To get out of the bush we needed to reverse, slowly, make sure there wasn’t any damage, manoeuvre to the right part of the canal and then we could continue. Before long the slower boat we’d sped (slowly) past earlier was up behind us and waiting for us to get on our way. It would have all been a lot simpler if I’d driven just a little bit slower and not taken any hasty actions. Even at 4 mph it is quite easy to get yourself somewhere you don’t want to be.
I may know the phrase “less haste, more speed” from my grandma, but it’s really an old Scottish phrase according to the small amount of research I’ve done.
Interestingly I remember the saying this way around, but in the old Scottish it’s the other way around “more haste less speed”, or for those of you who speak old Scottish “of fule haist cummis no speid.”
It is a very old saying.
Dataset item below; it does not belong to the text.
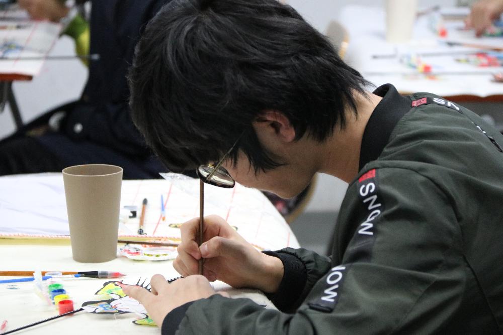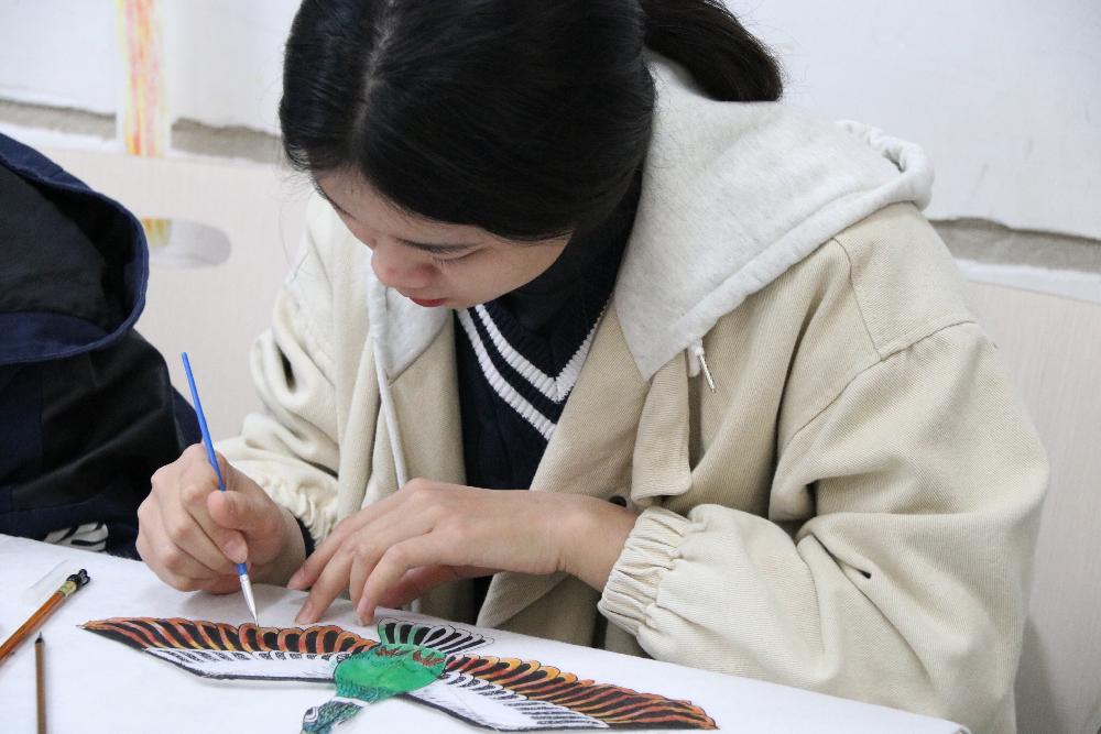 随后,同学们亲手为吴老师带来的适合于室内的无风也能放飞的风筝上色。吴老师对同学们制作的风筝作出点评的同时,亲手教给同学如何系活扣。教室中不停有新做出的风筝在上空盘旋起舞,凭依片纸亦可翔飞于天。

It was documented in the 1600s which means it’s almost certainly much older than that, not too many things were documented before then.
There is a similar saying in the Proverbs of the Old Testament of the Bible making the sentiment much older still:
Enthusiasm without knowledge is no good;
haste makes mistakes.
It may be an ancient saying, something deeply rooted into our thinking, but it doesn’t stop us needing to repeatedly learn its lesson.
Can you remember a time when someone was criticized for a decision that was too slow?
Can you remember a time when someone was criticized for a decision that was too hasty?
It’s all a matter of perspective.
Fast sounds better than slow.
Measured sounds better than hastily.
Rapid sounds better than protracted.
Deliberate sounds better than reckless.
In my working career I’ve been in many situations where people have been desperate for a swift decision. Looking back, many of these decisions were taken in haste and would have been much better for being more measured.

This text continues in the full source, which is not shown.